Danza en Las Ramblas
Foto: Héctor Garrido
Este hombre cuelga un casete en la rama de un árbol frente al Liceo y mientras duran las pilas baila y baila poseído por un afán. La música que surge la interpreta sin parar y sin cambiar de vestimenta ni estilo, sea tango, flamenco, vals o charanga: lo que encaja en su gusto. Las Ramblas son un universo como los Campos Elíseos parisinos, la Plaza de España romana o el Hyde Park londinense. Universo con sus ruidos, sus héroes, sus artistas, su público, que aplaude, o deja caer en el platillo una moneda, o se limita a mirar gratis. En suma: comparte lo que el artista ofrece y pasa a ser espectador de todos los tiempos para el que no hay formas ni temas fuera de moda. El bailarín está solo, pero es el más fuerte porque resiste esa soledad. No tiene a su servicio las tablas del Liceo, pero alcanza con la mano la vida simple, la vida para vivirla, aunque sea sintetizada en un público minoritario, abúlico, con prisas. Si la vida es aquello que pasa mientras miramos hacia otro sitio -dijo Lennon-, este hombre consigue con su número ramblero que el caminante, que no pensaba vivir ese día más que lo programado, disfrute de una quietud de minutos al verlo actuar y, de camino, caiga en la cuenta de que la vida pasa para él también, porque nada hay más doloroso que vivir ajeno a que se vive. Y no se inquieta si alguno se ríe de su actuación. Se planta sombrero y faja y penetra en la danza pensando que todos danzamos de alguna manera al ritmo del son que nos obliga la música de las circunstancias. Él, al menos, tiene el privilegio de escoger ese son y de bailarlo cuando le place o le conviene, jamás a la orden de la voz de ningún amo. Sabe que la soledad es un refugio contra muchos peligros y que en ella sólo hay un enemigo: uno mismo. Pero el mundo que gira, el Universo entero puede estar contra uno.

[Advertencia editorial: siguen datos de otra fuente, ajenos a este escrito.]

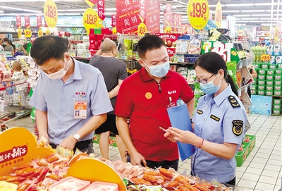为助力文明城市创建,龙岩市、新罗区两级市场监管部门成立夜查组,执法人员深入一线,分区划片开展错时专项巡查。图为近日,执法人员在某超市开展执法检查。
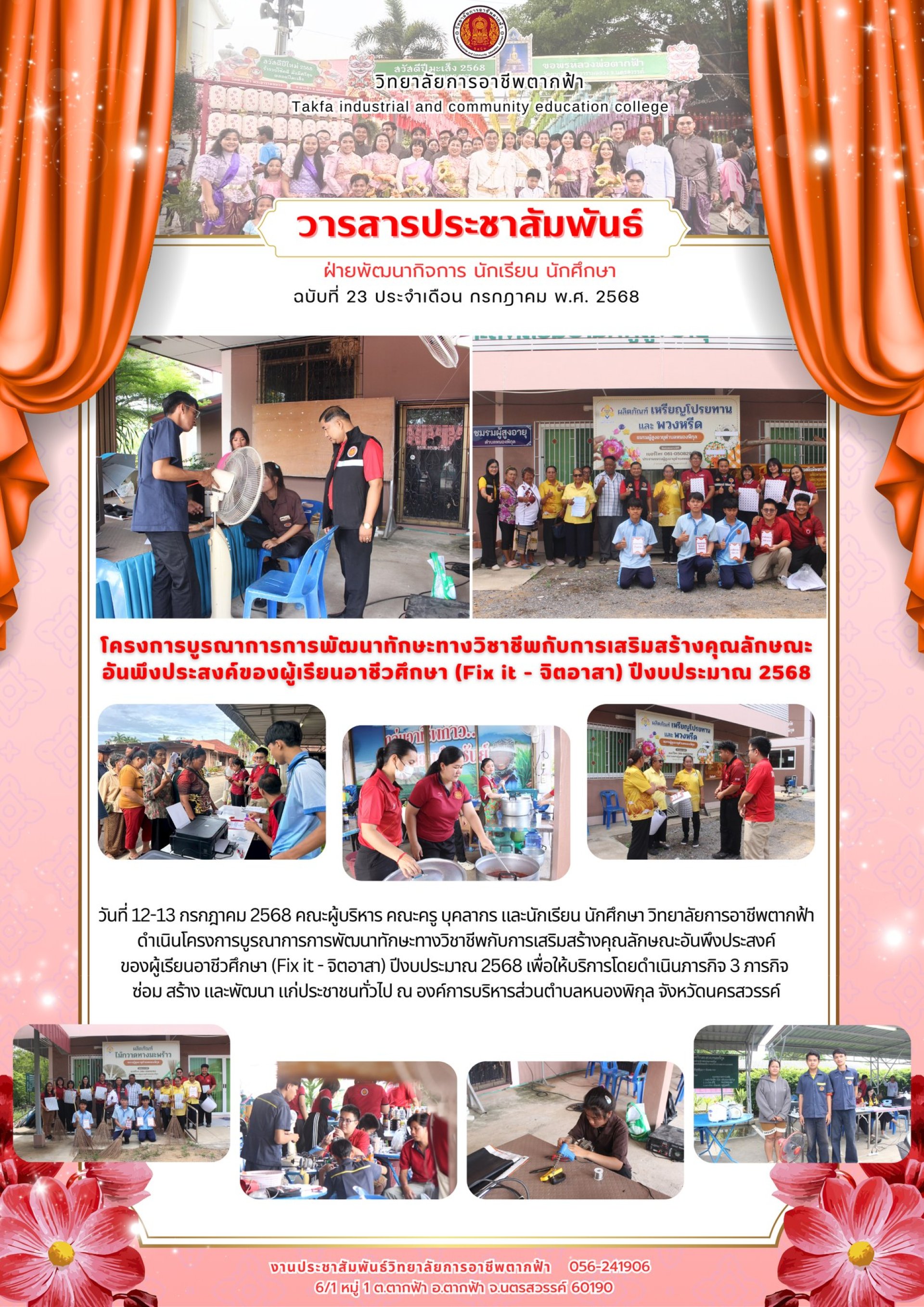 วารสารตากฟ้า ประจำเดือน กรกฎาคม 2568 ฉบับที่ 23 โครงการบูรณาการการพัฒนาทักษะทางวิชาชีพกับการเสริมสร้างคุณลักษณะอันพึงประสงค์ของผู้เรียนอาชีวศึกษา (Fix it - จิตอาสา) ปีงบประมาณ 2568 วันที่ 12-13 กรกฎาคม 2568
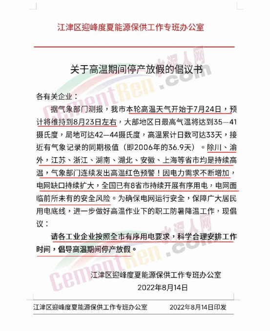重慶江津區(qū)迎峰度夏能源保供工作專班辦公室發(fā)布《關(guān)于高溫期間停產(chǎn)放假的倡議書》給各有關(guān)企業(yè)稱∶據(jù)氣象部門測報,重慶市本輪高溫天氣開始于7月24日,預(yù)計將維持到8月23日左右,大部地區(qū)日最高氣溫將達到35—41 攝氏度,局地可達42——44攝氏度,高溫累計日數(shù)可達33天,接近有氣象記錄的同期極值(即2006年的36.9天)。
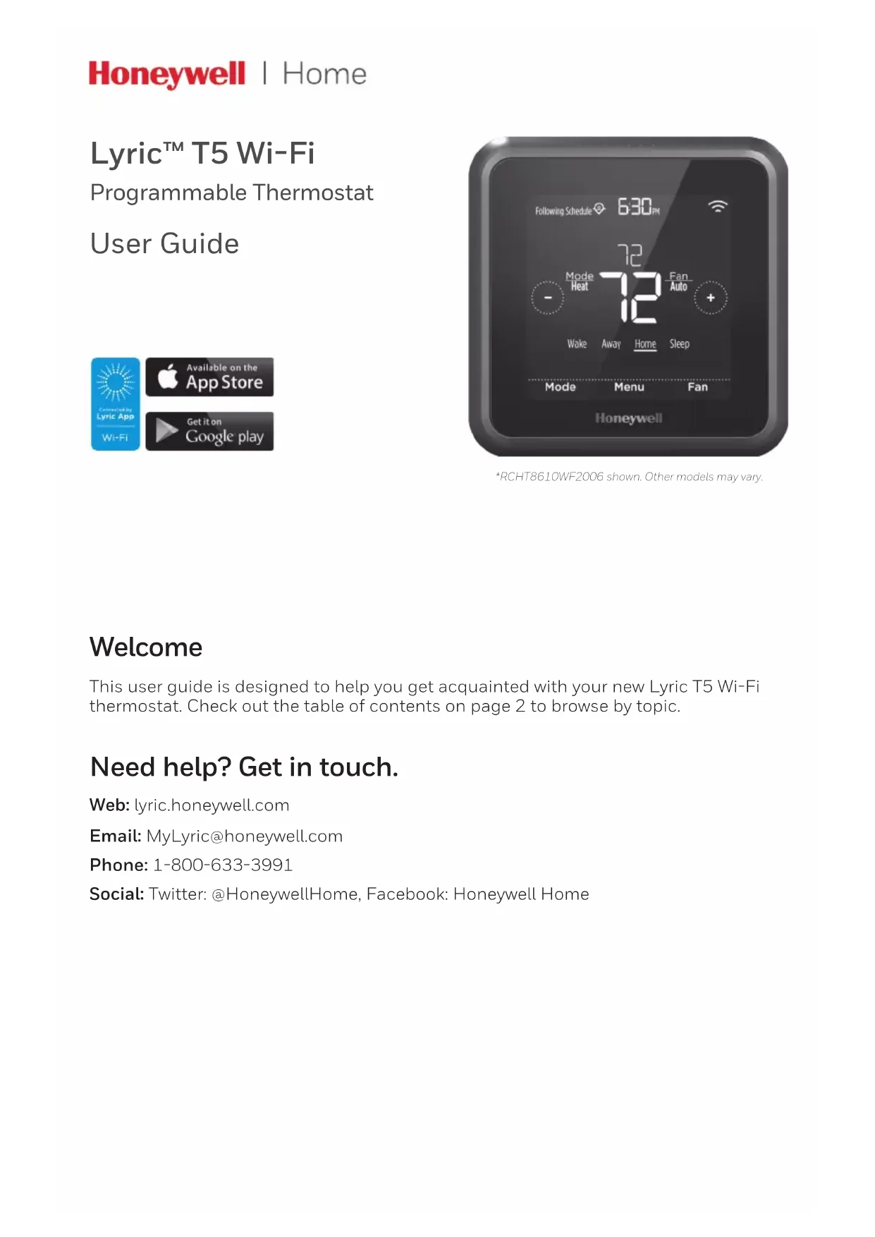 Printed in U.S.A. Home and Building Technologies In the U.S.: Honeywell 1985 Douglas Drive North Golden Valley, MN 55422 http://customer.honeywell.com 33-00231EFS-01Guide de l’utilisateur Thermostat Wi-Fi Lyric™ T5 Thermostat programmable *Représentation du thermostat RCHT8610WF2006. Les autres modèles peuvent varier. Connected by Lyric AppWi-Fi Ce guide de l’utilisateur est conçu pour vous aider à vous familiariser avec votre nouveau thermostat Wi-Fi Lyric T5. Veuillez consulter la table des matières à la page 2 pour effectuer une recherche par sujet. Bienvenue Site Web : lyric.honeywell.com Courriel : MyLyric@honeywell.com Téléphone : 1-800-633-3991 Réseaux sociaux : Twitter: @HoneywellHome, Facebook: Honeywell Home Besoin d’aide? Contactez-nous.2 Caractéristiques du thermostat .......................................................................................... 3 Présentation du thermostat
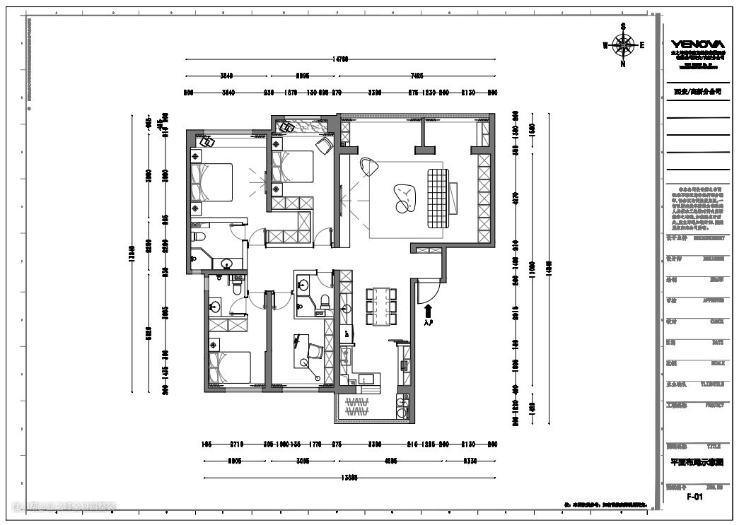 户型的缺点:门厅玄关区域太小,每个卧室划分得也很小。
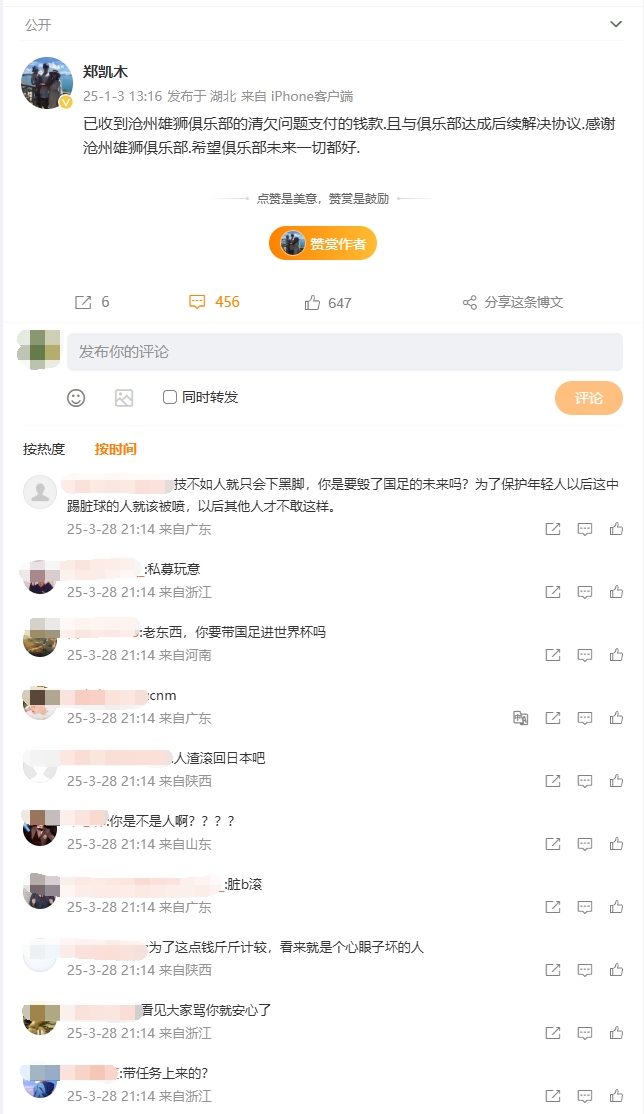 不少球迷第一時(shí)間沖入鄭凱木的個(gè)人微博進(jìn)行聲討,他最新的一條動(dòng)態(tài)在短時(shí)間內(nèi)被刷了數(shù)百條評(píng)論,大多都是在責(zé)罵鄭凱木對(duì)王鈺棟的犯規(guī)。
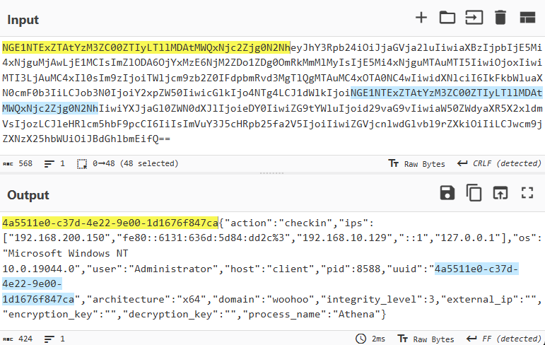 После декодирования можно увидеть UUID агента, который генерируется на основе определенного шаблона. За этим идентификатором следует JSON, в котором указаны основные параметры узла, собранные агентом.
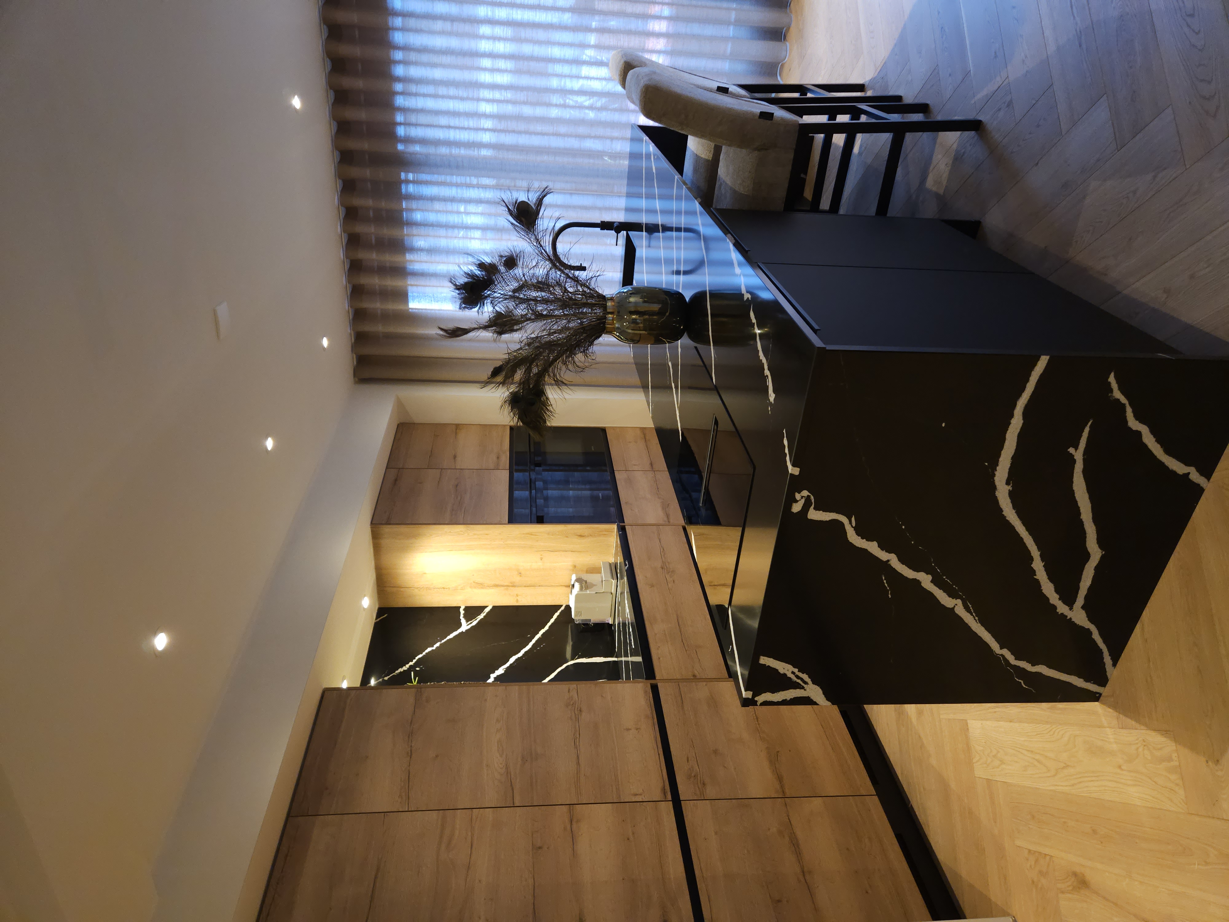 Dezelfde signatuur loopt door van keuken naar badkamer. Warme houttinten, diepe zwartnuances en heldere lijnen zorgen voor een rustig geheel, terwijl elk vertrek zijn eigen wowmoment heeft. Functioneel blijft het ook dankzij veel opbergruimte, onderhoudsvriendelijke materialen en apparatuur op de juiste plek.

Lo que quiere decir este hombre sin querer decir nada es que, se actúe en el Liceo o en su puerta, arropado por subvenciones o a pulmón limpio, protegido por despachos oficiales o por la nada, el arte no es patrimonio de los que deciden tú sí y tú no, sino del alma humana, y que quien ande sordo ante tal poesía, viene a tener la sensibilidad de una bestia.